If a company stands to get 20 buildings from the acquired company, for example, it will be up to the facilities team to integrate the management of those buildings into the acquirer’s systems.
“You’re making sure they have all their leases, what the square footage is they have under management, the occupancy for each of the buildings, what’s in the software tech stack that sits within those buildings — really just getting an overview of every facility that they are about to inherit or merge with,” Swanson said.
If each building has a different access system or work-order ticketing system, for example, there’s a good chance those will need to be consolidated for the acquiring company to operate the buildings most efficiently, she said. “Sometimes decisions will be made to save costs,” she said.
If the acquiring company puts a premium on employee experience, the facilities team can advise on how to balance cost-cutting with measures that are sensitive to the needs of the acquired employees.
“You [risk] losing critical talent,” she said. “They were used to working in a certain way, and now that’s changed. You have to factor in the softer side of the employee’s experience, and that’s what facilities managers have great experience in.”
In the merger of two academic institutions, for example, the handling of occupancy issues can impact the experience of the incoming teaching talent, she said. “If you have tenured professors, what do they have access to?” she said. “What’s in their contracts? So, you’re making sure you’re keeping that same level of offices and equipment that they’re used to.”
The facilities team will also want occupancy data to help keep cross-functioning teams together, Swanson said. “You want to make sure you understand the departments that are colocated because there might have been a lot of efficiency to them,” she said, like “having sales and marketing or your [user experience] team sitting on the same floor.”
Data about the buildings’ footprint, such as from AutoCAD files or digital twins, is probably the most important information to get as early as possible because that gives the facilities team information about the physical space it’s inheriting, she said.
“The floor plans within AutoCAD and any [other] data about the buildings and other assets under management is going to be hugely helpful,” she said.
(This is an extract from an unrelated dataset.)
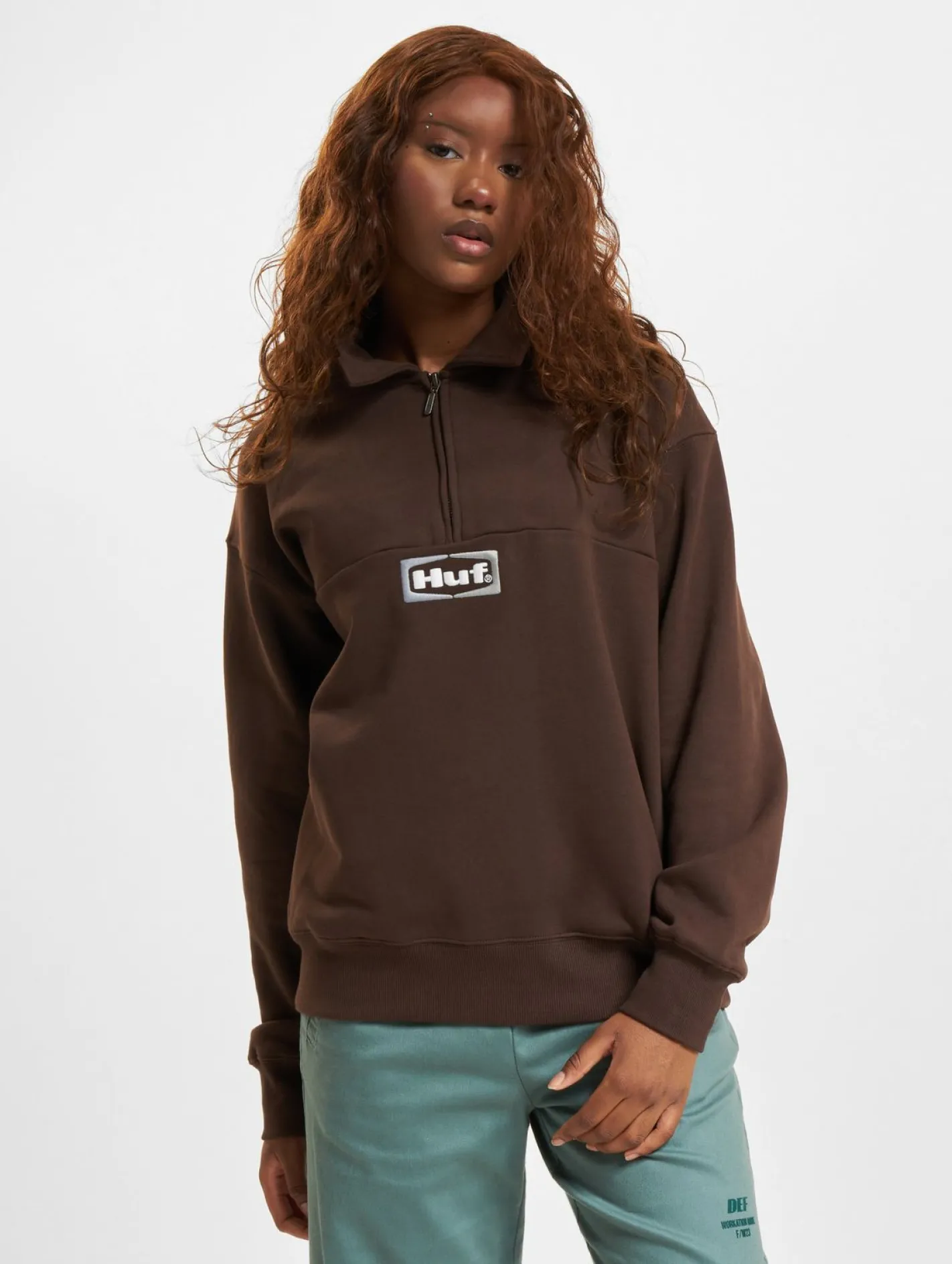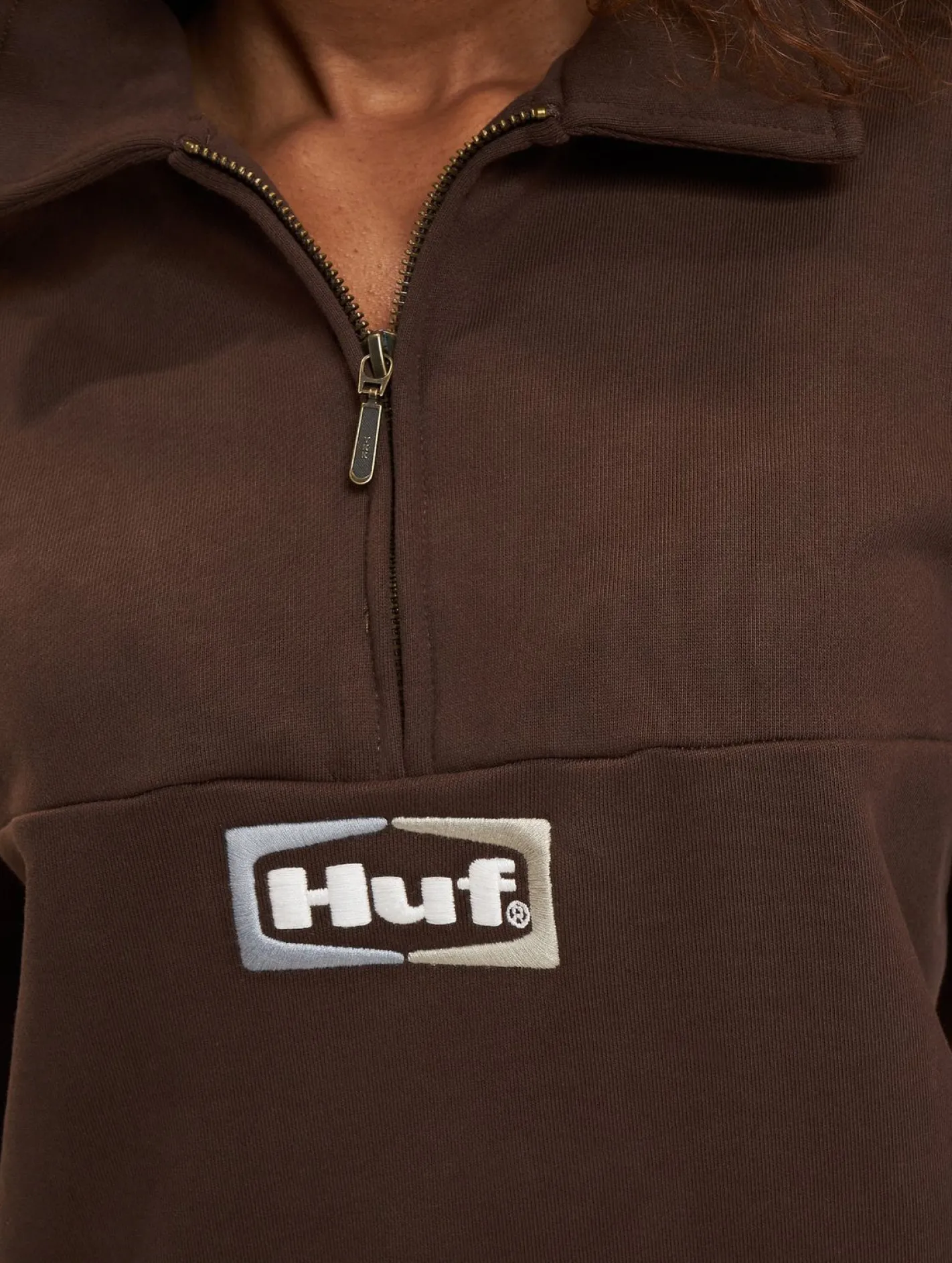 HUF Slate Fleecepullover mit Viertelreißverschluss, espresso

In BMO Bank’s 2023 acquisition of Bank of the West, for example, the BMO facilities team got access to floor plan drawings from the 50 bank branches it would be acquiring and brought them up to BMO’s standard before integrating them into the facilities management platform BMO was using, according to information from Eptura, which worked on the drawings consolidation.
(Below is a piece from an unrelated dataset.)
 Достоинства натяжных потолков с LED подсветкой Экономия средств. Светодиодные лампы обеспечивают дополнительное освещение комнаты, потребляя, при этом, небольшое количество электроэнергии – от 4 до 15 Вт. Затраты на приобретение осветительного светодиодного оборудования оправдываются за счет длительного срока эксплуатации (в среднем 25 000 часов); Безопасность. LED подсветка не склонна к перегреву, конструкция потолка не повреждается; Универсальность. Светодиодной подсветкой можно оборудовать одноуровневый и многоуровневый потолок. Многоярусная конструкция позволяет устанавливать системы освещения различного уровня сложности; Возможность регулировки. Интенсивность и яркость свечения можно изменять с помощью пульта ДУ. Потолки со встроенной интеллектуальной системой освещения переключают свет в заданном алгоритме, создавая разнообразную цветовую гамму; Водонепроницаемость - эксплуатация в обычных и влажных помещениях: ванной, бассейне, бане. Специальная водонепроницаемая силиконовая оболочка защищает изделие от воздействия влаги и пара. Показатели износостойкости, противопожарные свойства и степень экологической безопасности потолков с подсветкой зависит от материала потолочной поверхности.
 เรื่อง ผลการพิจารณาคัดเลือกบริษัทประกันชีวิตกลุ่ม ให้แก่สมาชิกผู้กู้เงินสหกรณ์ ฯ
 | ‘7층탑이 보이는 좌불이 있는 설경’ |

“You just want to make sure you get the inventory of everything that exists and then the process flow,” Swanson said. “So, if [acquired] employees need to download a new mobile app, or need to book their parking space or need to have smart lockers installed, you need to know what the system was that the employees were used to, and then it’s [a matter of] an internal change-management process as you move those employees.”
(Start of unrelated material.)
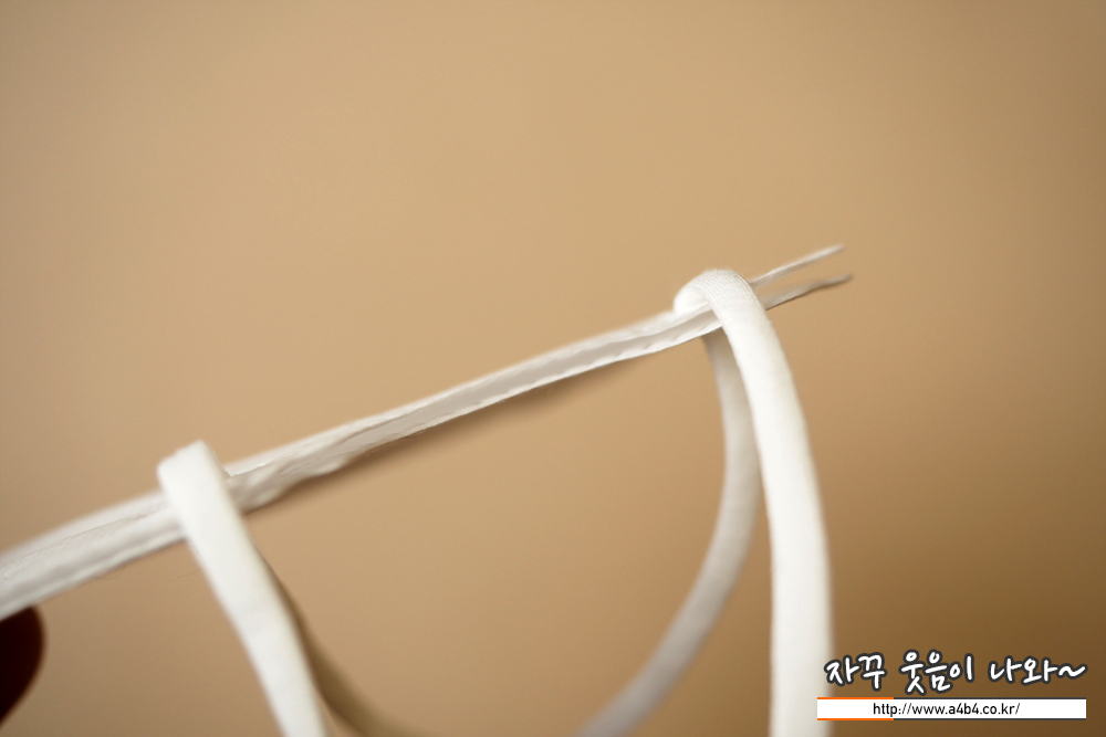 | 납작한 칼국수끈이 귀걸이끈으로 사용. 강한 탄력

Artificial intelligence has been a game-changer in the due diligence process, Swanson said, because of the speed and volume of data it can process. It’s why it makes sense for facilities teams to get involved in the process early, she said.
In the past, the finance team might have said it doesn’t “have the bandwidth or the resources or the time to gather building data,” she said, or “‘We don’t have anybody to analyze it.’ But now you have AI models that are able to consume large amounts of data to do an analysis, so you can bring more and more factors into the equation as you’re doing diligence.”
As a result, things that might not have been included within diligence in the past are now being included, Swanson said.
Because of nondisclosure agreements and other barriers, building data might not be made available until after the close of a deal, she said. Ideally, the data will transfer soon after the deal closes. The alternative is a wait, sometimes for months, to get what’s needed.
“Coach those team members” about what you need and why it’s helpful to get it early, she said. Then “they’re your advocate.”